(GIVEN DATA Opens)

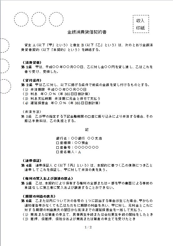 金銭消費貸借契約書には、借金に関する重要な情報が含まれており、借り手と貸し手の間の関係を明確にします。この契約書は、借金をする際には必要不可欠なものです。
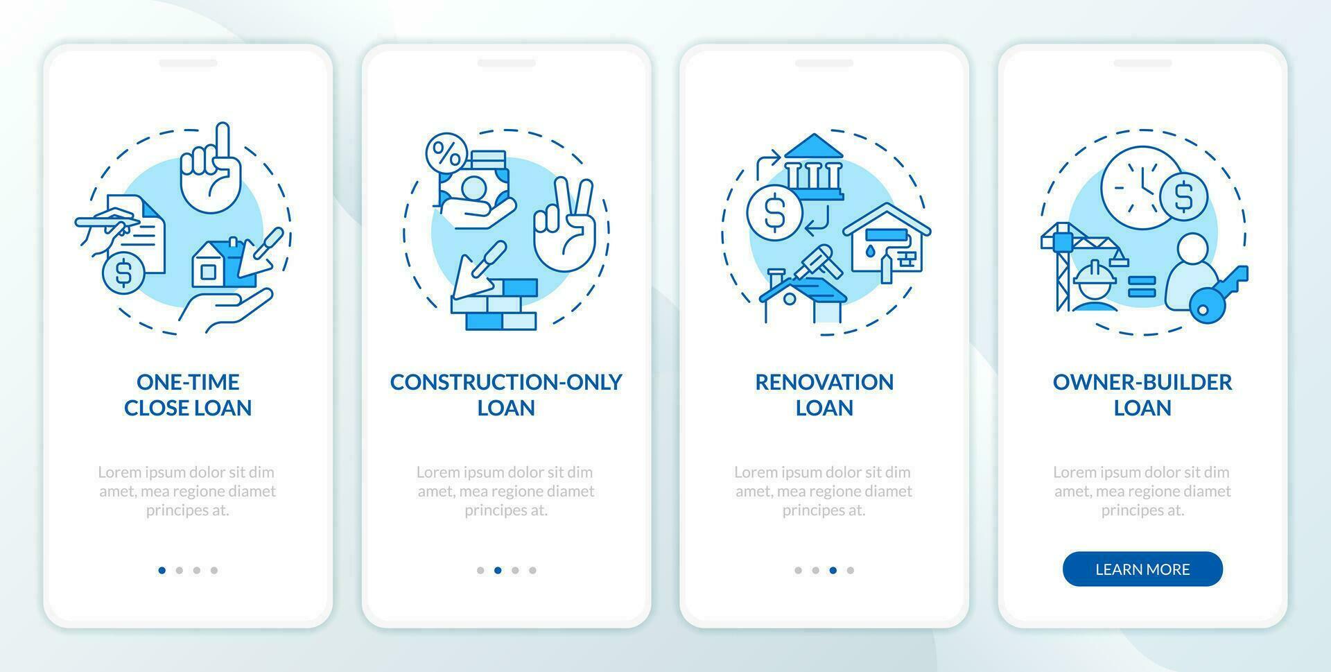 2d íconos representando construcción costo móvil aplicación pantalla colocar. recorrido 4 4 pasos azul gráfico instrucciones con línea íconos concepto, ui, ux, gui modelo. Pro Vector y Pro SVG
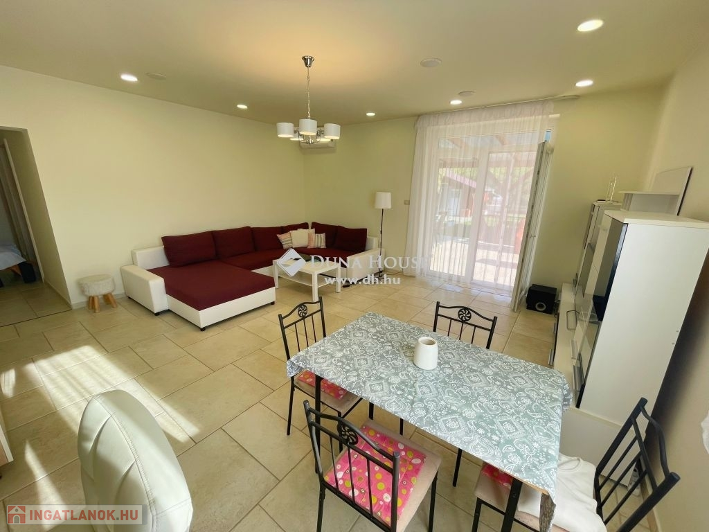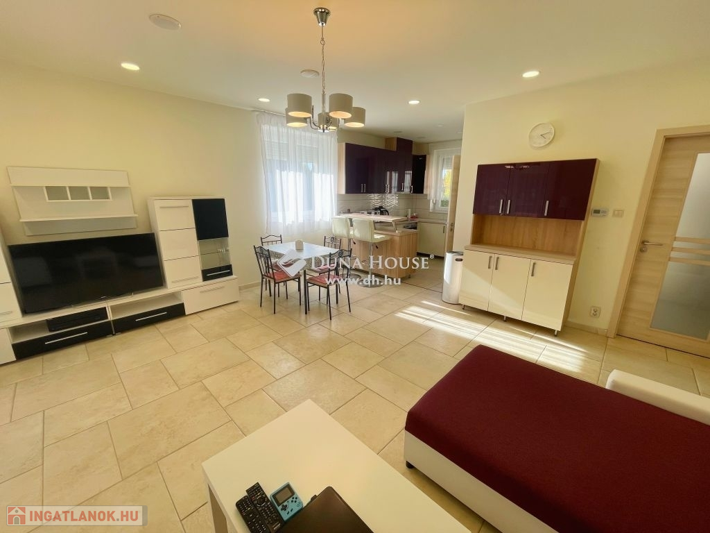 Az ingatlan egy csendes, magánútról megközelíthető belső telken bújik meg, 2017-ben épült. A ház külső klasszikus megjelenése és kimagasló műszaki tartalma, modern letisztult belsővel van ötvözve. Az épület ikerházas kialakítású, egyszintes , a szomszédtól jól elszeparált, teljesen privát életteret biztosít.. Egy fedett terasz felőli előtér vezet az amerikai konyhás nappaliba, melyhez 26 m2 fedett terasz csatlakozik a kert felé fordulva, déli tájolással.

(GIVEN DATA Closes)

### TASK BRIEF
Your answer must contain the full data, repeated exactly, without pictures.

### TASK RESPONSE
 金銭消費貸借契約書には、借金に関する重要な情報が含まれており、借り手と貸し手の間の関係を明確にします。この契約書は、借金をする際には必要不可欠なものです。
 2d íconos representando construcción costo móvil aplicación pantalla colocar. recorrido 4 4 pasos azul gráfico instrucciones con línea íconos concepto, ui, ux, gui modelo. Pro Vector y Pro SVG
 Az ingatlan egy csendes, magánútról megközelíthető belső telken bújik meg, 2017-ben épült. A ház külső klasszikus megjelenése és kimagasló műszaki tartalma, modern letisztult belsővel van ötvözve. Az épület ikerházas kialakítású, egyszintes , a szomszédtól jól elszeparált, teljesen privát életteret biztosít.. Egy fedett terasz felőli előtér vezet az amerikai konyhás nappaliba, melyhez 26 m2 fedett terasz csatlakozik a kert felé fordulva, déli tájolással.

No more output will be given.